[Date Prev][Date Next][Thread Prev][Thread Next][Date Index][Thread Index]

Re: [idn] First report from IDN nameprep design team



James Seng/Personal wrote:

> 1) It is difficult and probably not useful to try to prohibit
>    characters that might cause confusion because they look like other
>    characters or because they might be accidentally entered by users.

Yes, agree with this.

> 2) The order of the steps for nameprep will be changed from
>      prohibit -> fold -> normalize
>    to
>      map -> normalize -> prohibit
> 
>    This new order has many advantages. It allows many more characters to
>    be input to the nameprep process without returning errors because
>    those characters will get converted by the normalization step into
>    allowed characters. It also allows the mapping step to fix edge-case
>    problems before they get to the normalization step, as described in
>    the next point.

Agree "prohibit" step should be last, but disagree with the map -> normalize
order. If it differs at all from normalize -> map, it means that you
must be imbuing some compatibility characters ("edge cases"?) with
special meaning. I think this is a bad idea. They should be left as
those characters that are there by historical accident, which will rust
away over the decades.

In particular, it should be redundantly harmless for a client application
or environment to map compatibility characters before ever handing
a string to the resolver. It may be doing it for presentation reasons
or as part of some larger application scheme involving a transformation
Unicode -> rich text -> plain text. I don't imagine many
new environments making entry of these characters easy either.

If the "edge-case" problem you are thinking of is the FULLWIDTH HYPHUS->
MINUS one Yoshira Yoneya raised recently, then I don't think it's
valid: (i) my copies of the mapping tables don't have that mapping,
but rather map it to hyphus (0x2d) as expected (ii) any such special
case mapping should be consistent across all compatibility variants
anyway. Can we have some examples of the edge cases you have in mind?

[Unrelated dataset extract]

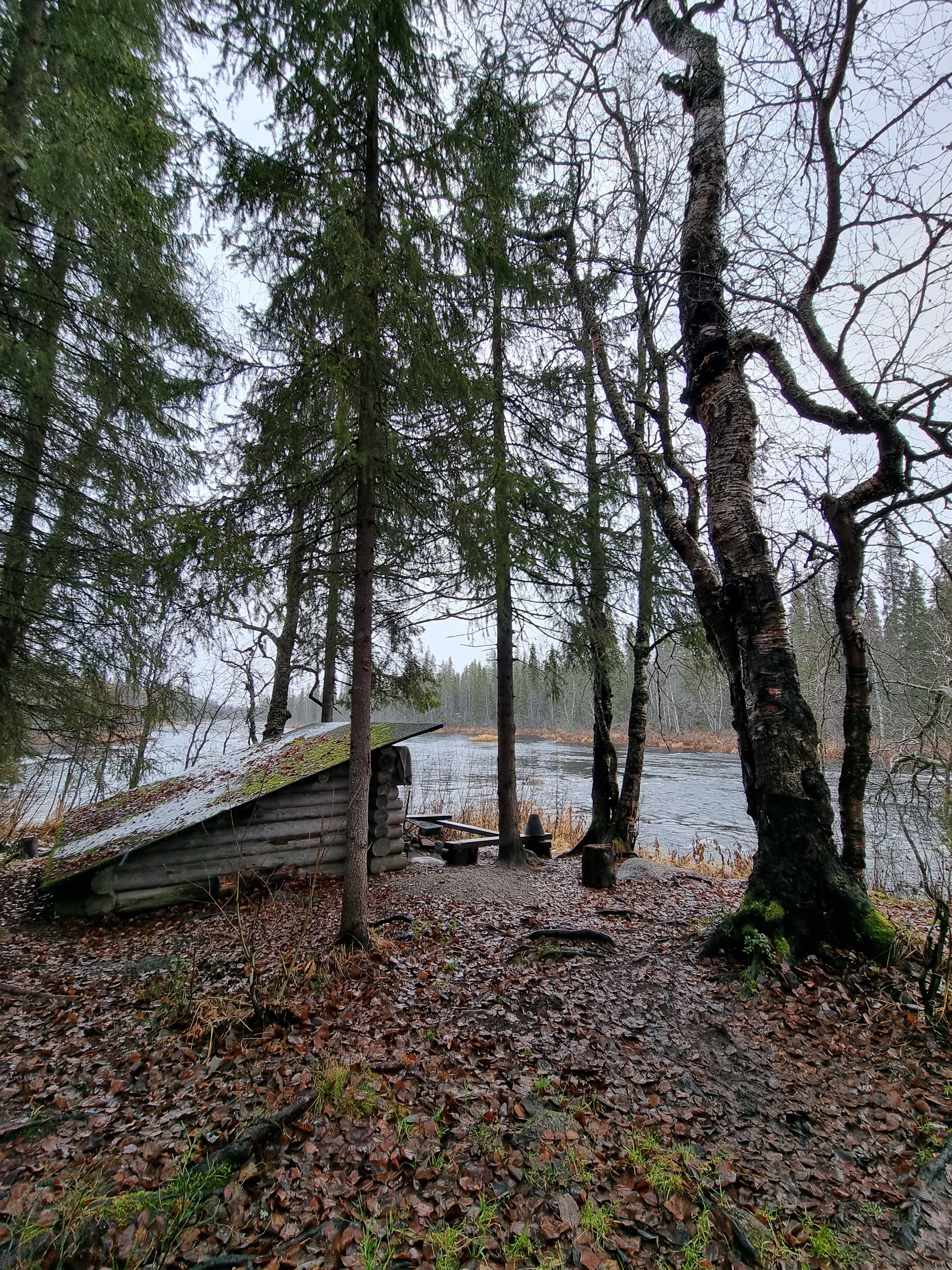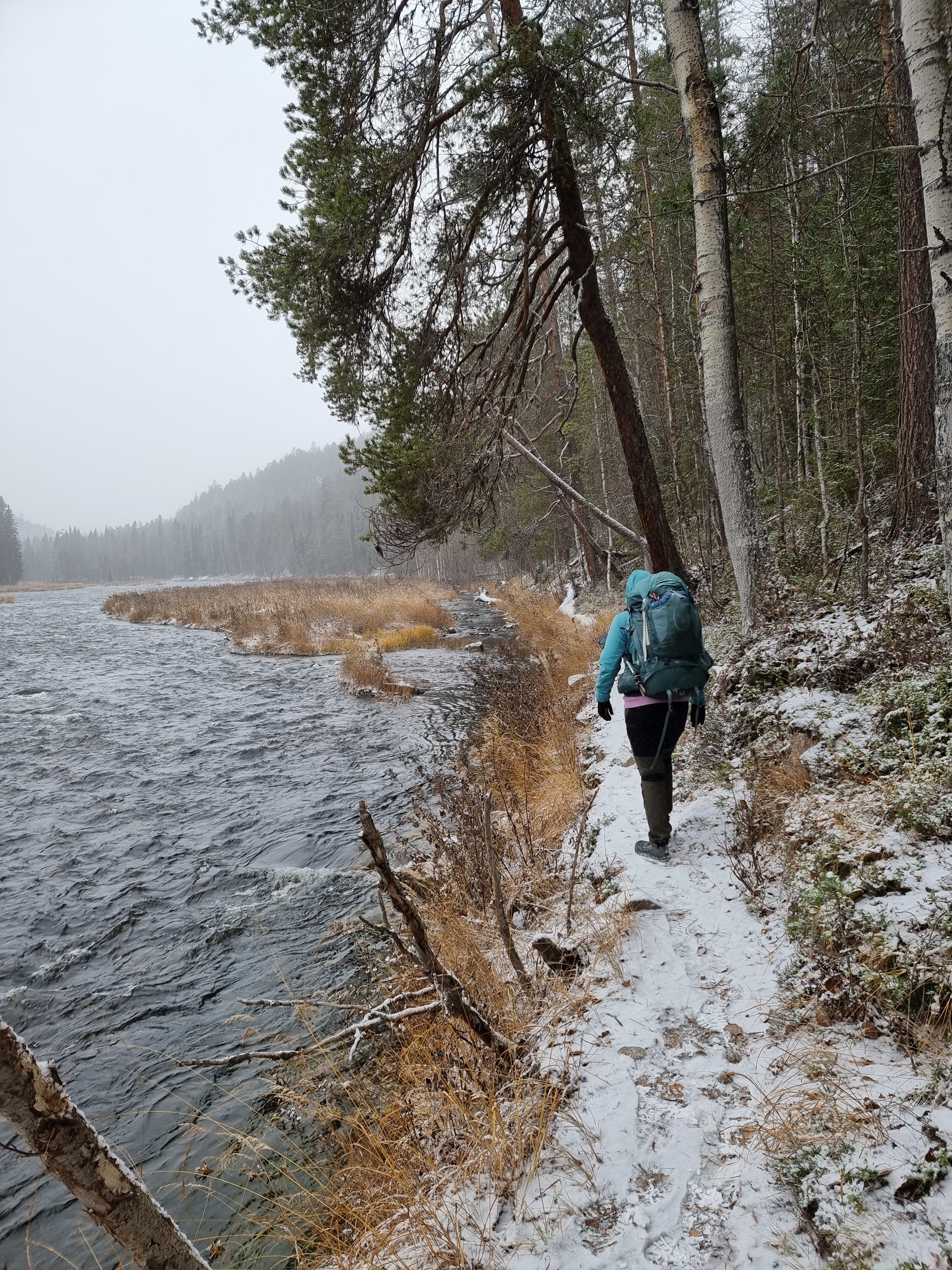 Oli nautinnollista lähteä lämpimästä tuvasta liikkeelle. Tuvan toinen yöpyjäseurue oli lämmittänyt tuvan vielä aamustakin mukavaksi, joten makuupussista nouseminen oli tällä kertaa helppoa. Maa oli mennyt yön aikana huurteeseen ja siihen oli paikoin satanut ohut kerros lunta. Sääennusteen mukaan sitä tulisi tänään reilusti lisää. Matkamme jatkuisi tänään noin 22 kilometrin verran Porontimajoelle. Toiveena on viettää seuraavakin yö tuvassa, sillä lumisateen jälkeen voi olla varustehuollolle tarvetta. Päivän tavoite on päästä mahdollisimman pitkälle kuivin varpain.

> 3) So far, the mapping step in nameprep only maps uppercase
>    characters to lowercase. The compatibility normalization step does
>    the work of converting compatibility characters into their normal
>    forms, but there are other sets of characters that the input
>    mechanisms on users' systems might enter that can be mapped to other
>    characters. For example, there are many different hyphen characters
>    (such as U+00AD, soft hyphen) that do not get normalized but can all
>    be mapped into the single hyphen character that is already allowed by
>    STD 13.

I agree with this proposal in general but not with the example you
give.

>    Also, with the new order suggested above, there are some
>    special cases for case-mapping that need to be added so that all
>    characters case-map as expected.

A good reason not to use that new order. If there should be an
error in preparing this more complex mapping table, it could require
special-case hacks forever.

> 5) Non-character codepoints will be listed as prohibited characters.

Except that maybe non-authoritative caches should pass everything
through so that only the client and authoritative server need to
be brought up to the latest software/Unicode level to use new
characters.

> 6) The question of where to do name preparation will be removed from
>    this document, but must be addressed in the eventual IDN protocol
>    document.

It has a bearing on the order, so you may need to address or
assume it. For example, if clients do one kind of mapping and
the resolver another, that determines the order.

** Bidirectional controls: I would hope these are going to be
prohibited rather than thrown away, so that names and also FQDNs
contain none. The "mathematical" alef to gimel, which differ from
the normal Hebrew only in being left to right, must be disallowed.

** z-Variants: what happened to that question?